Vitamin D is a fat-soluble vitamin, meaning that it dissolves in fats and oils and can be stored in your body for a long time.

Vitamin D is important to the body in many ways. It helps the body absorb calcium from food and supplements. Muscles need it to move, for example, nerves need it to carry messages between the brain and every body part, and the immune system needs vitamin D to fight off invading bacteria and viruses. Together with calcium, vitamin D also helps protect older adults from osteoporosis. Vitamin D is found in cells throughout the body.

Vitamin D2 vs D3

There are two main dietary forms (NIH):
  • Vitamin D3 (cholecalciferol). Found in some animal foods, like fatty fish and egg yolks.
  • Vitamin D2 (ergocalciferol).
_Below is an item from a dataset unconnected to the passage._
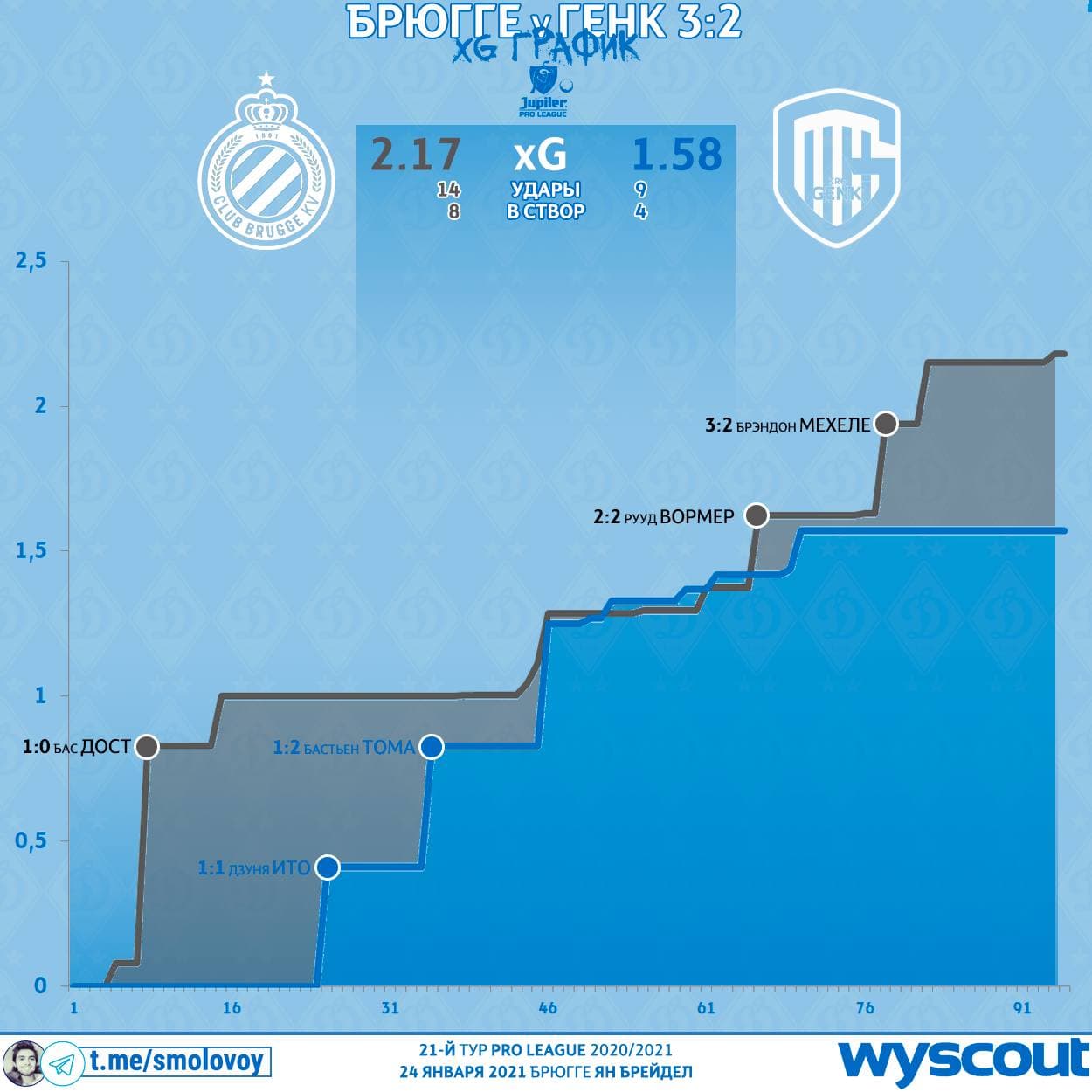 Оба удара по 0.42 xG, что очень много. По сезону Брюгге позволяет удары с 0.126 xG в среднем...

Found in some plants, mushrooms, and yeasts.
Difference between vitamin D and D3? Of the two, D3 (cholecalciferol) seems to be almost twice as effective at increasing blood levels of vitamin D as D2 (ergocalciferol) (NIHNIH).

Best Vitamin D3 and K2 Supplement Brands in 2020 / 2021

We have done our research and shortlisted the best for you. The list is based on recommendations by third party organizations, online reviews and popularity on search results and forums.

Here are the best vitamin D3 and K2 supplements that you can buy today.

1. Now Foods Vitamin D3 & K2 (120 Veg Caps)


Around $10.51 > Check Price on Amazon

More than 3,000 customer reviews and a 4.7 out of 5 overall rating on Amazon. As compared to the Sports Research Vitamin K2 and D3, the dose of the vitamin D3 and K2 are lower.
  • Amazon Best Sellers Rank: #31 in Vitamin D Supplements.
  • 1,000 IU / 45 mcg (D3 / K2) per veg capsule
  • Also has 3 mg of vitamin C per veg capsule
  • Supports Bone Health Plus Cardiovascular Support
  • Non-GMO, Family Owned Since 1968
  • GMP Quality Assured
  • Dosage is suitable to be taken as maintenance or long term.
  • Capsules might be a bit large for some users.
Editor's Note: Most of the Top 10 Vitamin D supplements as listed on the Amazon Best Sellers have dosages that exceed the maximum recommended dose (in USA and UK) of Vitamin D of 4,000 IU. Some of the brands also come in multiple dosages or dosage forms. Do check the label before you purchase.

2. Sports Research Vitamin K2 + D3 with Organic Coconut Oil


  • Amazon Best Sellers Rank: #4 in Vitamin D Supplements.
  • Contains 5000 IU (125mcg) of Vegan Vitamin D3 & 100 mcg of Vitamin K2 as MK-7
  • Made with Vitashine D3 - a patent, plant based form of Vitamin D3 from Lichen and MenaQ7 - a patent form of MK7 from Chickpea
  • 100% Plant based - Vegan Certified & Non-Gmo Verified. Soy, Gluten, Gelatin & Carrageenan free
  • Formulated with Organic Coconut Oil - Note: Capsules may appear 'cloudy' due to the Coconut Oil
  • Suitable for those whose vitamin D level is deficient or insufficient.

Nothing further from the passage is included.